Introduction
Cardiovascular diseases (CVD) are the leading cause of global disease burden, requiring increasing health care expenditures [
1]. Cardiac rehabilitation (CR) is strongly recommended by international guidelines [
2], contributing to improved cardiovascular health outcomes by reducing cardiovascular mortality, morbidity and hospitalization [
3]. CR comprises three-phases including the acute inpatient phase (phase I), the subacute and reconditioning phase (phase II), and the long term maintenance period (phase III). In Switzerland, phase II inpatient CR programs last three weeks and encompass a set of core components defined by the Swiss Working Group for Cardiovascular Prevention, Rehabilitation, and Sports Cardiology (
www.scprs.ch). These components include exercise-based training, smoking, and nutritional counseling, as well as psychosocial and psychoeducational interventions. Quality measurements of cardiac rehabilitation clinics are implemented and monitored by the Swiss National Association for the Development of Quality in Hospitals and Clinics (ANQ;
https://www.anq.ch/en).
Considering the major impact of psychosocial factors on the development and course of CVD—ranking third among the modifiable risk factors for CVD, after hyperlipidemia and smoking [
4]—the importance of integrated psychosocial interventions is highly emphasized. A widely employed screening tool and outcome measure of therapeutic interventions in cardiac patients is health-related quality of life (HRQOL) [
5], a multidimensional construct of the patients’ perceived health. Poor HRQOL has previously been identified as an independent predictor of survival, (re-)hospitalization [
6], mortality [
7], and cardiovascular morbidity in cardiac patients [
8]. Although evidence on the relationship between HRQOL and exercise capacity is emerging, until now, HRQOL has primarily been recognized as an outcome variable in CR [
9,
10]. To date, and only recently, two smaller studies have examined the predictive potential of non-disease specific HRQOL on improvement of metabolic equivalents of tasks (METs) as a marker of exercise capacity in CR. While one found no significant association [
11], the second one detected a positive association between physical HRQOL and improvement in exercise capacity [
12].
The aim of our study was to investigate the association between HRQOL at admission to CR and exercise capacity change during CR with a disease-specific and thus more suitable HRQOL questionnaire in a large sample from 6 Swiss rehabilitation clinics. We first aimed to explore the association between global HRQOL at admission to CR and CR outcome, assessed by a change in exercise capacity during CR using the six minutes walking test (6MWT) as a proxy of CR effectiveness. The second aim was to explore the predictive value of individual HRQOL domains on CR outcome. We hypothesized that better global HRQOL and its individual domains at admission to CR would be associated with greater improvement in exercise capacity from admission to discharge from CR. Covering the relevant domains of HRQOL- emotional, physical, and social indices- we applied the MacNew Heart (MNH) questionnaire as a well-known, disease-specific and validated outcome measure of HRQOL in cardiac patients [
13].
Discussion
This is the first study to analyze the predictive value of baseline global HRQOL and its individual domains on CR outcome assessed by an improvement in exercise capacity using the 6MWT. We employed a multi-center approach including a large sample of n = 13′717 patients across 6 Swiss inpatient CR clinics.

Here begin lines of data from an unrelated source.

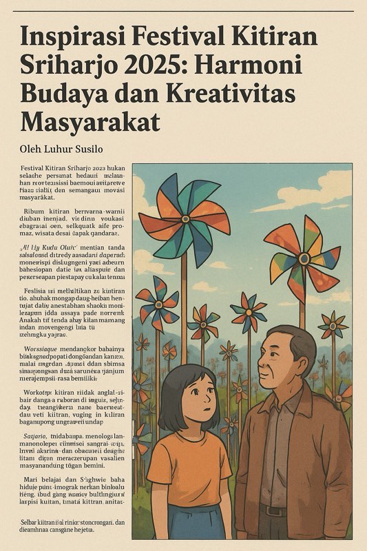 “Di tengah dunia yang makin sibuk dengan layar dan algoritma, ada sebentuk harapan yang berputar dalam tiupan angin Sriharjo. Kitiran itu tak hanya menghibur mata, tetapi menuntun jiwa untuk kembali menyadari: akar budaya adalah cahaya yang tak boleh padam.”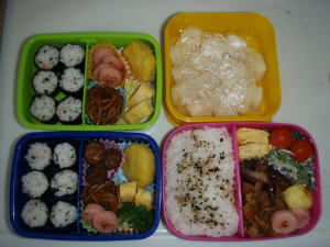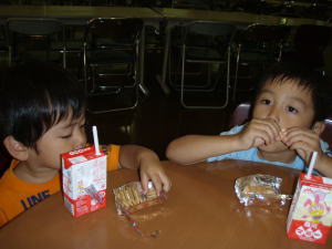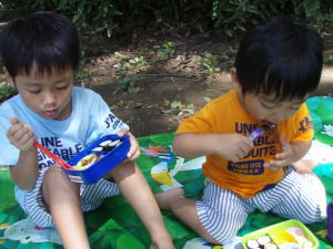 お水遊びを満喫した後、すっごい勢いでお弁当にがっついた2人。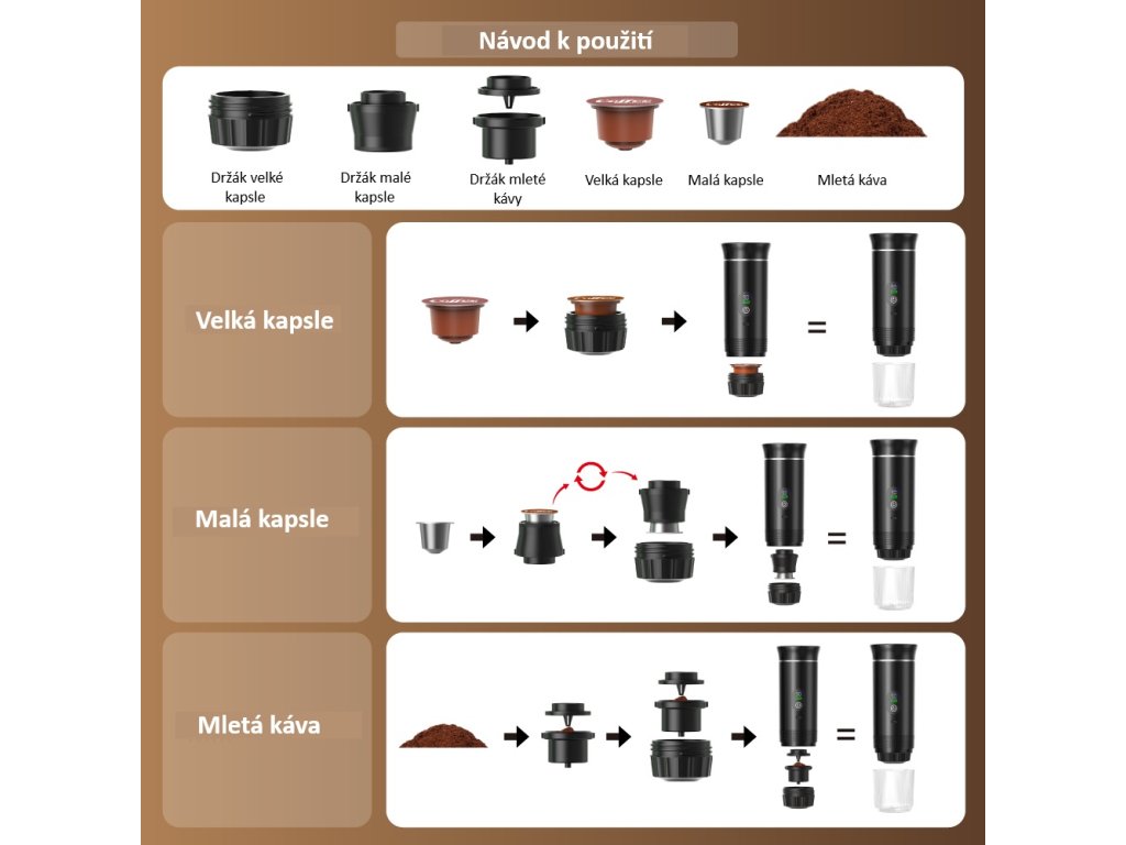 Milujete kvalitní kávu i mimo domov? Tento kompaktní a výkonný přenosný kávovar vám umožní vychutnat si plnohodnotné espresso na cestách, v kanceláři, při kempování i doma. Díky kompatibilitě s kapslemi Nespresso®, Dolce Gusto® i mletou kávou nabízí maximální flexibilitu a jednoduché použití.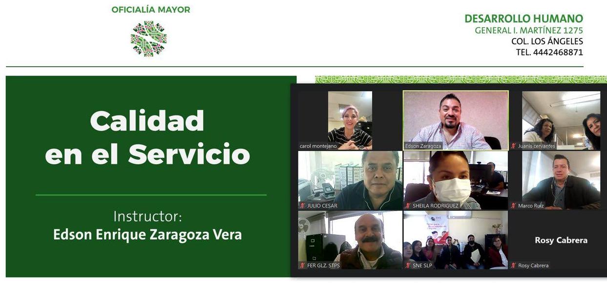 Para desarrollar competencias que contribuyan a las tareas organizacionales de forma participativa y democrática, adecuadas a los nuevos desafíos en la gestión pública, como lo ha instruido el Gobernador de San Luis Potosí, Ricardo Gallardo Cardona, la Oficialía Mayor del Ejecutivo, realizó con éxito el curso virtual “Calidad en el Servicio”, que ofreció al personal de la Secretaría del Trabajo y Previsión Social (STPS).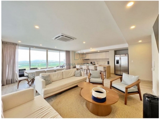 DISTRIBUCION: Sala - comedor, cocina con mesón en isla y dotada de campana, estufa y horno, gabinetes superiores e inferiores y sala con acceso al amplio balcón, donde podras encontrar un cómodo jacuzzi. Ademas contamos con 2 habitacion principal con closet y baño privado con salida directa al balcon, 1 habitacion adicional con closet y salida al balcon, estudio, baño social o compartido para las habitaciones, zona de labores y parqueadero.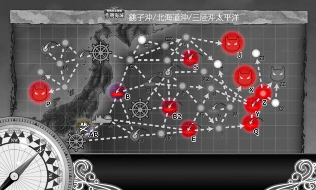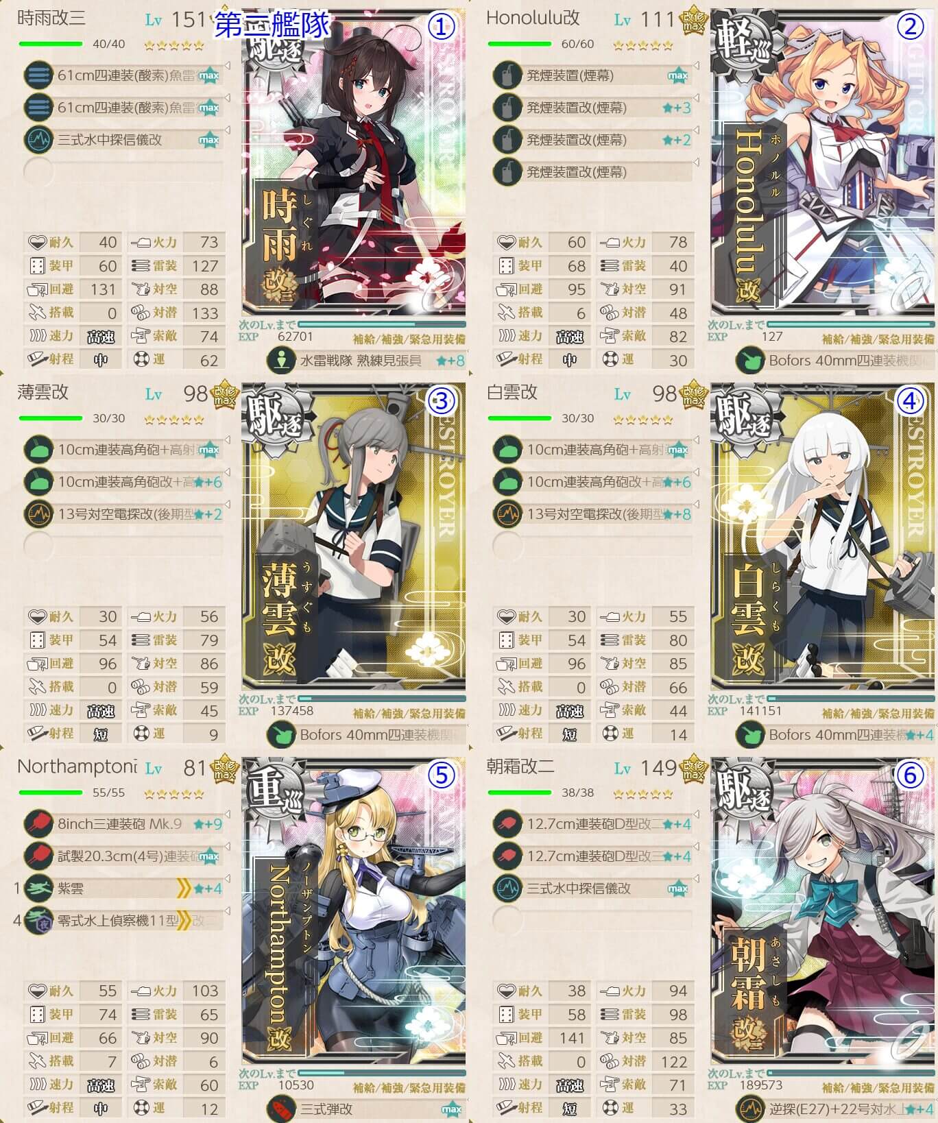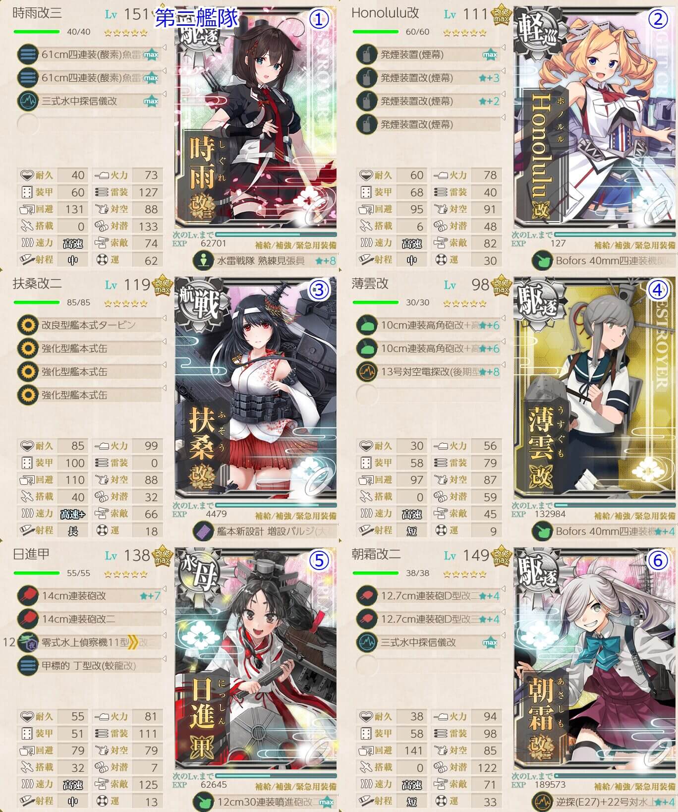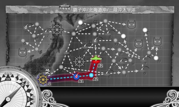 こちらの編成でA(対潜)>B(空襲)>B1(空襲)>B2(空襲)>F(水上)を通ります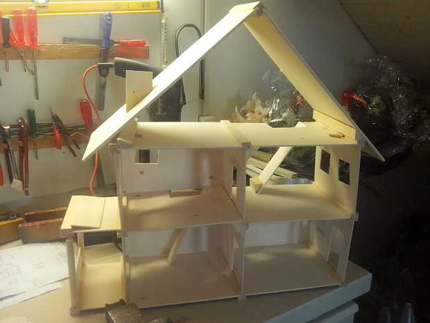 Descargar los dibujos o modelos de las piezas estándar. El tamaño de tu casa de muñecas como quieras y configurar un BOM (bill del material) con las dimensiones de cada parte.  Luego corte todas las piezas, puertas y ventanas y moler las esquinas y bordes. Realizar una verificación de ajuste con todas las partes antes de pintar. Si las ranuras están demasiado apretadas, hacerlos más grandes. Tenga en cuenta que la pintura se sumará al espesor de la madera contrachapada panel! He escrito los números de cada parte física para identificación e igualmente en el plano 2D. Esto le ayudará otra vez durante el montaje.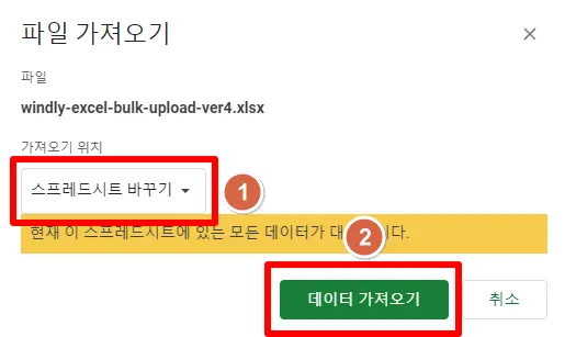 가져오기 위치 항목을 클릭하여 스프레드시트 바꾸기로 선택한 후 데이터 가져오기 버튼을 클릭해 주세요.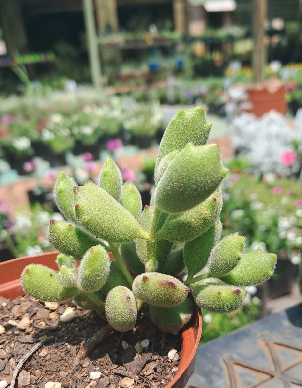Cotyledon ladismithiensis ‘Konekonotume’ is a slow-growing succulent shrublet. The thick, ovate green leaves have fine white hairs and prominent 1 to 3 teeth on the edges, unlike the Cotyledon tomentosa with up to 10. When exposed to full sunlight, the teeth can develop a dark red hue. While more teeth may be present on the leaves initially, they tend to disappear as the leaves mature. The branches are rigid with brown peeling bark.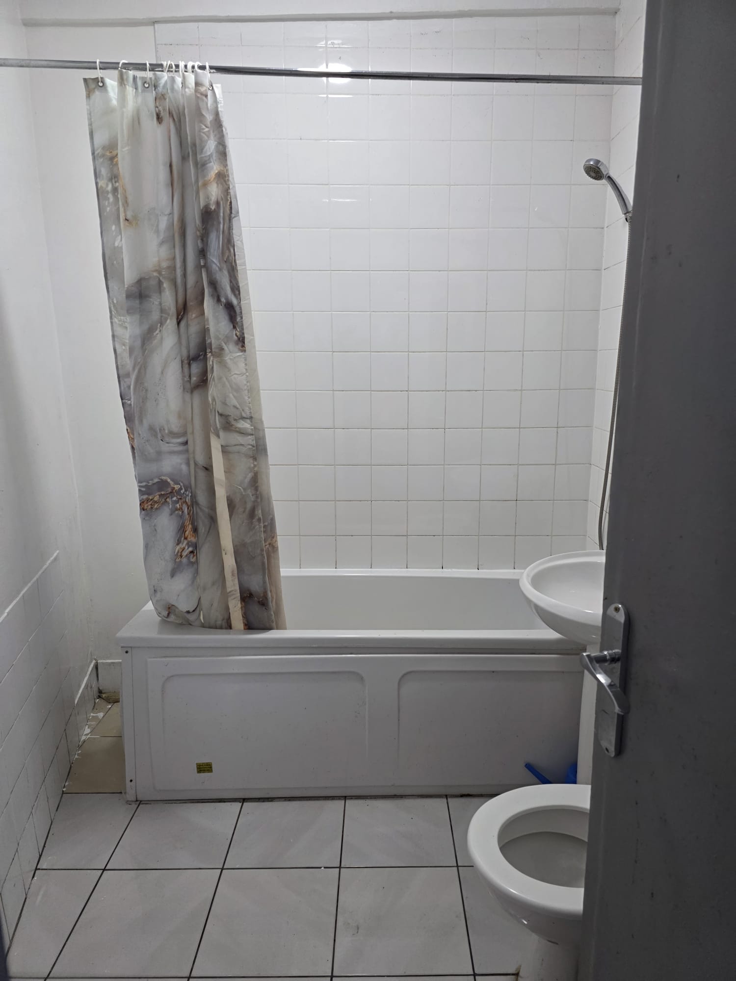Bathroom: Partly Tiled. Having Bath, Pedestal Wash Basin. W.C. Ventilation Fan. Shower Cubicle.

To the best of our knowledge, to date there are only two studies, which recently investigated the predictive potential of baseline HRQOL on change in exercise capacity in CR using metabolic equivalents (METs) as a measure of exercise capacity [
11,
12]. While METs and 6MWT have a strong positive correlation and are both valid measures of exercise capacity [
25], the much smaller sample of these studies and the use of a non-disease specific HRQOL questionnaire (short form-36 (SF-36)) limits their explanatory power.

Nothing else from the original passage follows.